1. Es ist spekulativ und auch oberflächlich, die Kirchengeschichte im Raster des AT zu deuten: Befreiung aus Ägypten und Antritt der Wüstenreise = Reformation und Anfänge des Pietismus; Aufbruch ins verheißene Land = Heiligungsbewegung und Erweckungsbewegung um die letzte Jahrhundertwende; Babylonische Gefangenschaft = babylonische Gefangenschaft der Kirche in Deutschland seit der "Berliner Erklärung" von 1909; Ende der babylonischen Gefangenschaft = Analog zum Fall der Berliner Mauer wurde die "geistige Berliner Mauer wie von unsichtbarer Hand auf die gleiche Weise überwunden" (S. 143).
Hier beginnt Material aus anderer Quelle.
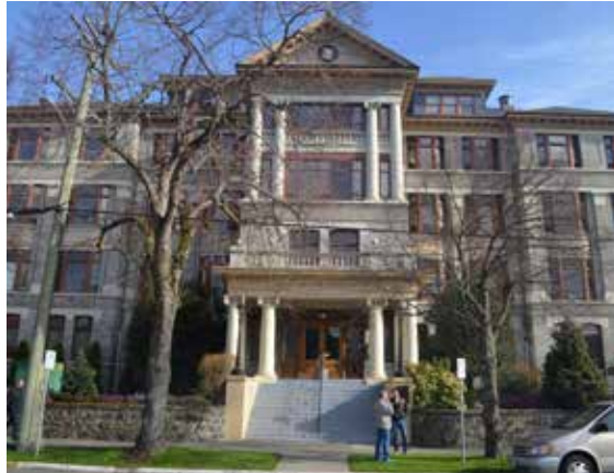
St Joseph Apartments (Heritage designated)

As Fairfield transitions into the future, maintaining and integrating heritage is integral to sustaining character and sense of place.

2. Die gutmütige und etwas blauäugige Haltung des Autors geht einigen Problemen nicht auf den Grund. Hier nur drei von vielen Beispielen:

- Die Kasseler Vorgänge im Jahr 1907 als "Arbeitsunfall" (Seite 88) zu bezeichnen ist nicht angemessen.

- Die Behauptung "Es gibt keine bibelkritischen Evangelikalen" und "wenn Charismatiker und Evangelikale sich irgendwo einig sind, dann in ihrer positiven Stellung zur Heiligen Schrift", entspricht leider nicht den Tatsachen. In beiden Lagern gibt es prominente Persönlichkeiten, die nicht von der Irrtumslosigkeit der Bibel überzeugt, sondern Befürworter der historisch-kritischen Exegese sind.
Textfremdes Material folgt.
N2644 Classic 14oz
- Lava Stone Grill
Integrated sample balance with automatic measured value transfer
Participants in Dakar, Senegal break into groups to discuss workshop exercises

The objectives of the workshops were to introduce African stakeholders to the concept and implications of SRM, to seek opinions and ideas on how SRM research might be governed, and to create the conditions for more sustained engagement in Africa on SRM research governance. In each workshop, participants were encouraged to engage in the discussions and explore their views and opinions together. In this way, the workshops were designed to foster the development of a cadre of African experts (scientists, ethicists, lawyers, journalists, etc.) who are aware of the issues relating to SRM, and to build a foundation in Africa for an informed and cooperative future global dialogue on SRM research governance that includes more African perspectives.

- Daß der eigentliche "allergische Punkt" in der Kontroverse um die "Vollkommenheitslehre" liegen soll (S. 93), stimmt einfach nicht. Das mag 1909 der Fall gewesen sein, aber inzwischen haben derart viele weitere Sonderlehren und esoterische sowie schamanische Praktiken Eingang in die Charismatische Bewegung gefunden, daß heute die Berliner Erklärung nicht ausreichen würde, um die vielen Irrtümer und Irrlehren zu beurteilen.
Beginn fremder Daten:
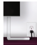
Paintable Cord Cover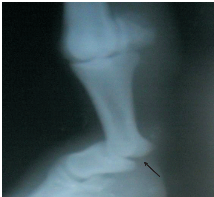
Figure 2: A lateral radiograph showing luxation of interphalangeal joints (arrow)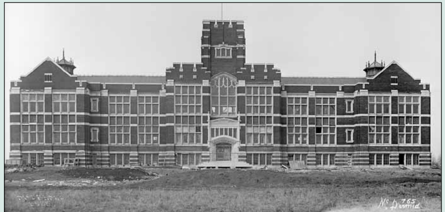
John A. McDougall School after construction in 1914.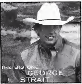
TO WATCH: George Strait #27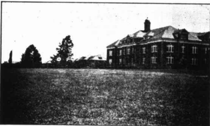
Partial view Eastern Carolina Teachers College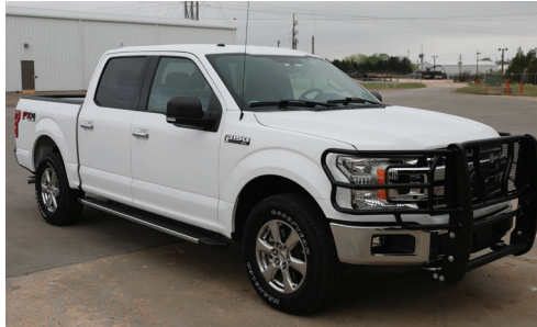
2018 Ford F150 XLT crew cab, V8 gas, 4X4 automatic, cloth interior, 127,700 miles. This truck is being sold "as is" with no warranty expressed or implied.

Sealed bids may be mailed to NWECC, PO Box 2707, Woodward, OK 73802 or dropped off at our Woodward office on 2925 Williams Avenue. Please write "2018 F150," or "2017 F550" on the front of the envelope. Bids will be accepted until 4 p.m. May 23rd. If you have any questions, please contact Randy at 580-256-7425. The trucks may be seen at 2925 Williams Avenue, Woodward, OK. NWECC reserves the right to reject any and all bids. NW

Die Tatsache, daß der Autor einen "Propheten" wie Rick Joyner positiv erwähnt ("In Deutschland wird eine neue Reformation entstehen...Es wird all jenen Orten, denen es früher Zerstörung brachte, Heilung, Genesung und Heil bringen", S. 147), spricht für sich selbst.

Natürlich macht H. Masuch auch treffende und beherzigenswerte Aussagen. Das ändert aber nichts an meinem Eindruck, daß dieses Buch zwar eine gute Absicht hat, aber die wirklichen Probleme nicht aufdeckt und anpackt.